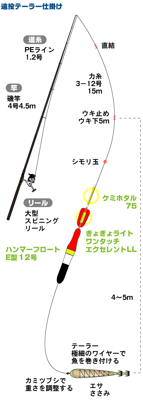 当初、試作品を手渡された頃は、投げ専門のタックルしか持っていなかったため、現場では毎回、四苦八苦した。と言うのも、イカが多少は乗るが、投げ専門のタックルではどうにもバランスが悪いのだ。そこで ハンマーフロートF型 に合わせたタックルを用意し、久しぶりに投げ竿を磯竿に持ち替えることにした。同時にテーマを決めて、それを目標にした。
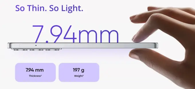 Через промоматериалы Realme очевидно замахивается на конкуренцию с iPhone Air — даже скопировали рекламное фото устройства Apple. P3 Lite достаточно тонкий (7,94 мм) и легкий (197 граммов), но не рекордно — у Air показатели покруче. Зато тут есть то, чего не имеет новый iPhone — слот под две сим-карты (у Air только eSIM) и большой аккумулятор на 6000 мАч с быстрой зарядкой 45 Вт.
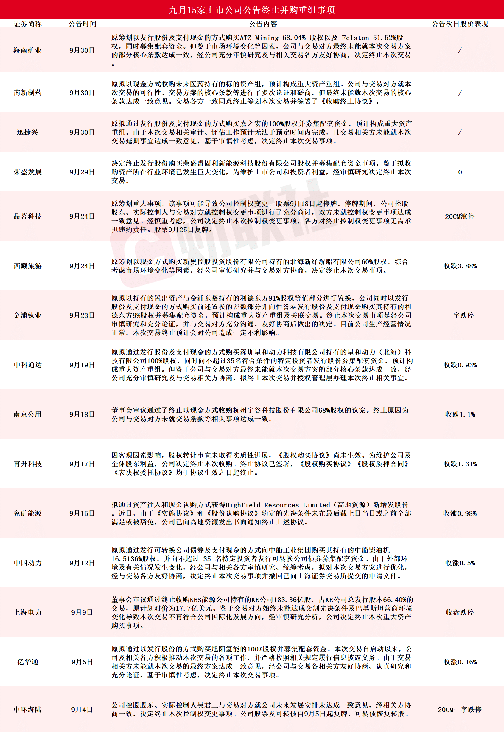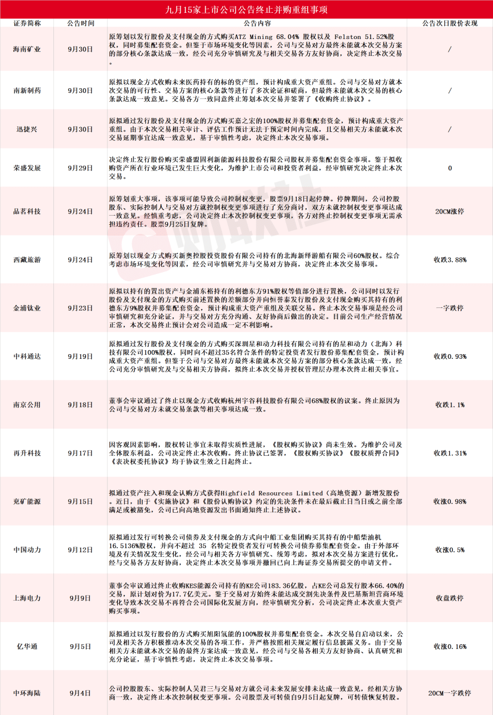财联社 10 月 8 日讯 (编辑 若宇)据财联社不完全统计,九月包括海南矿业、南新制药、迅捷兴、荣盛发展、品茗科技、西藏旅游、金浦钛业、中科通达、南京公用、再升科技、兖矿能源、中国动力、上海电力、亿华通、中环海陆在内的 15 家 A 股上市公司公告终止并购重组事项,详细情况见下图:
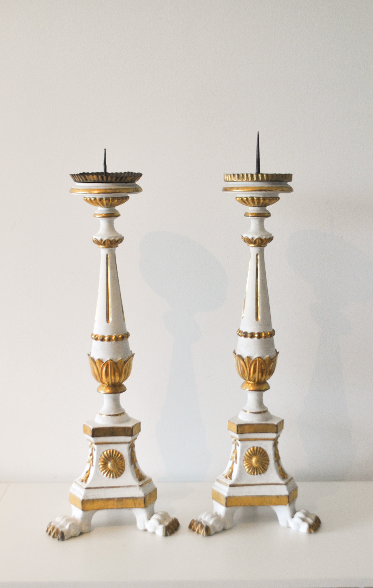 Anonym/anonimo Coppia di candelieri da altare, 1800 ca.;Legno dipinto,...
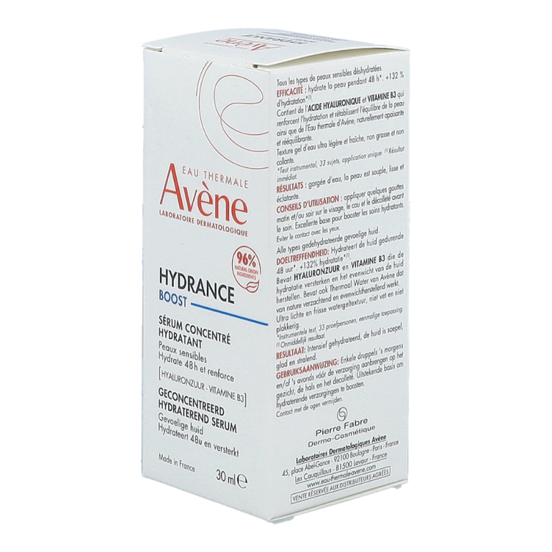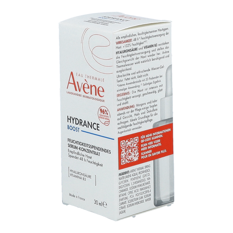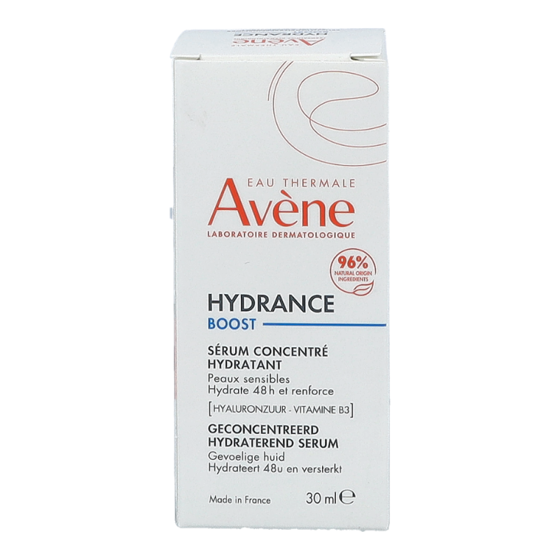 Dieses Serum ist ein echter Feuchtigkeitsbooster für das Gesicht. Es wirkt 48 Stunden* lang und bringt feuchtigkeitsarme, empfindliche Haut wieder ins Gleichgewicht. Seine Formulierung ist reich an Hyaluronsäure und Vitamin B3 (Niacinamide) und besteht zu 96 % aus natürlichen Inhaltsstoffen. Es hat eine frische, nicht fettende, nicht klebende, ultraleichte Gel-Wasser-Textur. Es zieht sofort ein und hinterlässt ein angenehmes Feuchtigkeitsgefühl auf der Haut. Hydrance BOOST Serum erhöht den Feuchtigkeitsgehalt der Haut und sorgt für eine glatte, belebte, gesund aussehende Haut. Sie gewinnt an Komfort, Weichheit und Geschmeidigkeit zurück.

━━━━━━

▸ **WORK TO BE COMPLETED**:
Using the listing above, restate exactly the range between the lines holding "财联社 10 月 8 日讯" and "Anonym/anonimo Coppia di", inclusive, with pictures left out.

▸ **EXERCISE RESPONSE**:
财联社 10 月 8 日讯 (编辑 若宇)据财联社不完全统计,九月包括海南矿业、南新制药、迅捷兴、荣盛发展、品茗科技、西藏旅游、金浦钛业、中科通达、南京公用、再升科技、兖矿能源、中国动力、上海电力、亿华通、中环海陆在内的 15 家 A 股上市公司公告终止并购重组事项,详细情况见下图:
 Anonym/anonimo Coppia di candelieri da altare, 1800 ca.;Legno dipinto,...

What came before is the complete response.